When frustration turns into appreciation ...

8/4/18: during the hour of 6:45 - 7:45pm -- a moment I won’t forget.

After a 25 minute, back breaking, bent-over-the-crib-to-tickle-to-sleep situation - I crept out the room in complete stealth mode. Ya know, the kind where you hold your breath praying the floor doesn't make a sound and the baby stays fast asleep.

Successfully, I made it out of her room only to my surprise Nyla decided at the exact moment she would exit her room in need of some water. Her door soundly squeaked opened and simultaneously the house phone rang.

F U C K!

Natalie begins crying. I tell John, for the second time, that I literally can’t bend over her crib for another second. Because in between my 25 minutes of tickling, John went in to soothe her after my first walk out.
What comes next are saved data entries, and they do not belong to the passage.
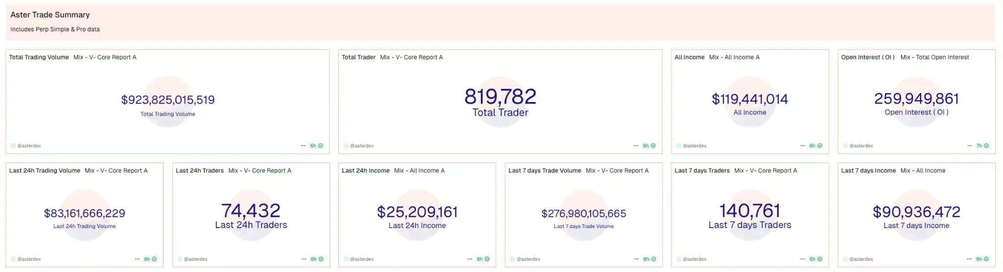 根据 Dune 上的最新数据,Aster 在多个关键指标上的增长表现相当亮眼。总锁仓价值(TVL)达到 14.67 亿美元,充分体现了项目的资金吸引力和市场认可度。更厉害的是累计交易量突破 9238 亿美元,这个数字不仅体现了平台的交易活跃程度,更反映出用户对平台的高度粘性和信任。用户规模方面,平台已经积累了 305.7 万总用户,为项目长期发展打下了坚实基础。协议累计收入 11.94 亿美元,有力证明了平台盈利模式的有效性。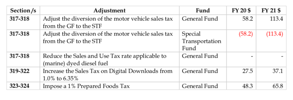 Because vehicle sales tax revenue is deposited first into the General Fund and then transferred to the Special Transportation Fund, leadership and the governor can claim they are still putting money into transportation – just not as much as the 2017 budget had allocated – and they can say that all the vehicle sales tax revenue will eventually be put into the STF, provided there are no future budget changes.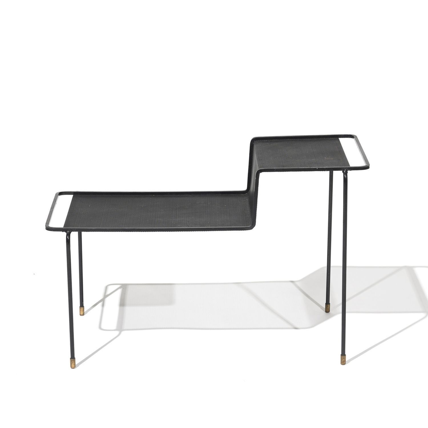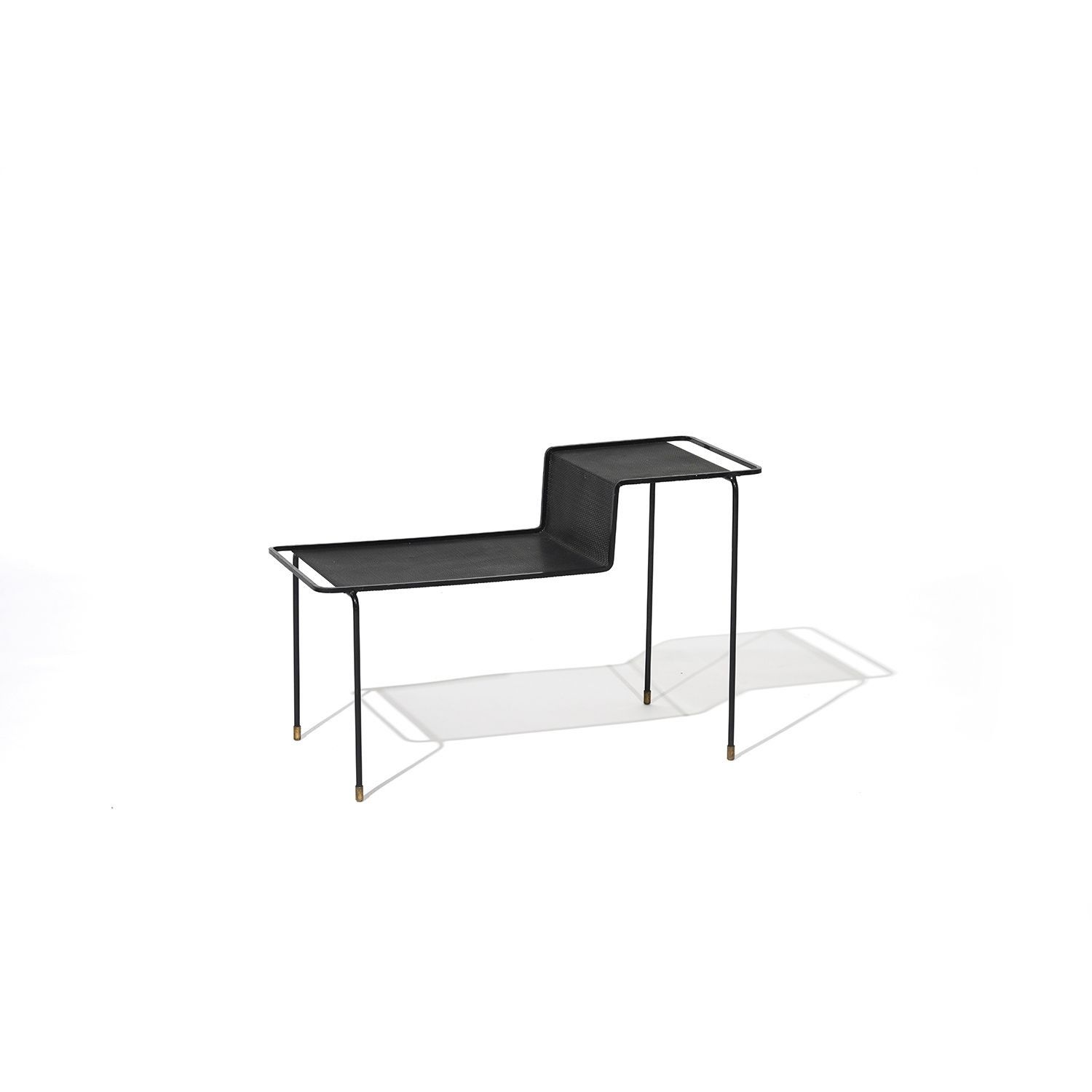 A 'Java' low table in lacquered metal with perforated sheet-metal top and brass sabots.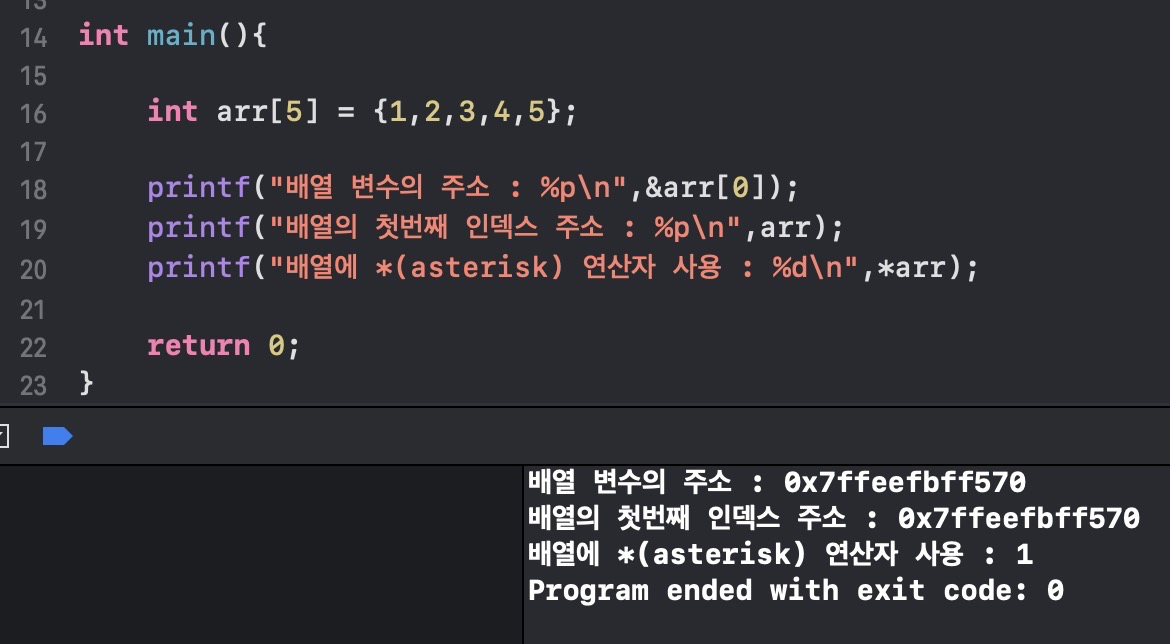 위 사진처럼 배열 변수 이름의 주소와 배열의 첫번째 인덱스의 주소는 동일합니다. 또한 배열 변수에 *(asterisk) 연산자를 사용해서 연산하였을 때 배열의 첫번째 인덱스의 요소가 출력됩니다.!! 즉, 배열은 포인터처럼 사용할 수 있고 포인터는 배열처럼 사용할 수 있습니다.

He attempted the “lay down and I’ll tickle you” as I instructed him that this is what she responds to for me.

Just as he is knelt down to calm her, she screams through tears with no sign of wanting him to soothe her. And she repeatedly yells Mama! My heart cannot allow a child to scream in desperation for me and me ignore it, so I had gone back in to tickle her.

However, when the phone woke her I thought she would go to sleep since I snuck out of her room with her basically sleeping. This was not the case!

Ten minutes later and still bloody screaming, standing in her crib, I went back in for the third time. I asked her to lay down and go to sleep and that I would sit in the chair in her room across from the crib. This plan only infuriated her even more. 

Enter the moment I wasn't expecting!

I picked her up out of her crib to cool her in front of her window fan. This is the moment that had me almost in tears and awakened me to why being a mom is so raw and unconditional.

When I picked her up she immediately embraced me and wrapped her arm around my neck and laid her head on my shoulder. It was a tightly, i-need-you-in-this-moment kinda hug.

It was a different kind of snuggle. One that I hadn't felt since she was a tiny baby cuddled up on my shoulder.

I rubbed her back as she gasped for breaths to calm herself down. And this moment my heart felt comfort that I didn’t let her cry it out and at the same time sad that I let her cry at all.

She shifted from upright to a cradle hold with an arm wrapped around my back as the side of her face rested against my chest. I swayed as any mother would. She gently rubbed her hand on my chin and neck. And as she began to drift off to sleep she moved her hand to hold my arm.

No binkie.
Just moms embrace.
She was fast asleep.

I wish there was a way that I could’ve captured this moment with a picture but I stayed present until she was sound asleep. I laid her in her crib and closed her door.

These moments are what make motherhood! I know it won’t be long before she won’t need me in this capacity so I’m here for it. Once I had her to sleep, I laid down with an aching back but a heart so full of love!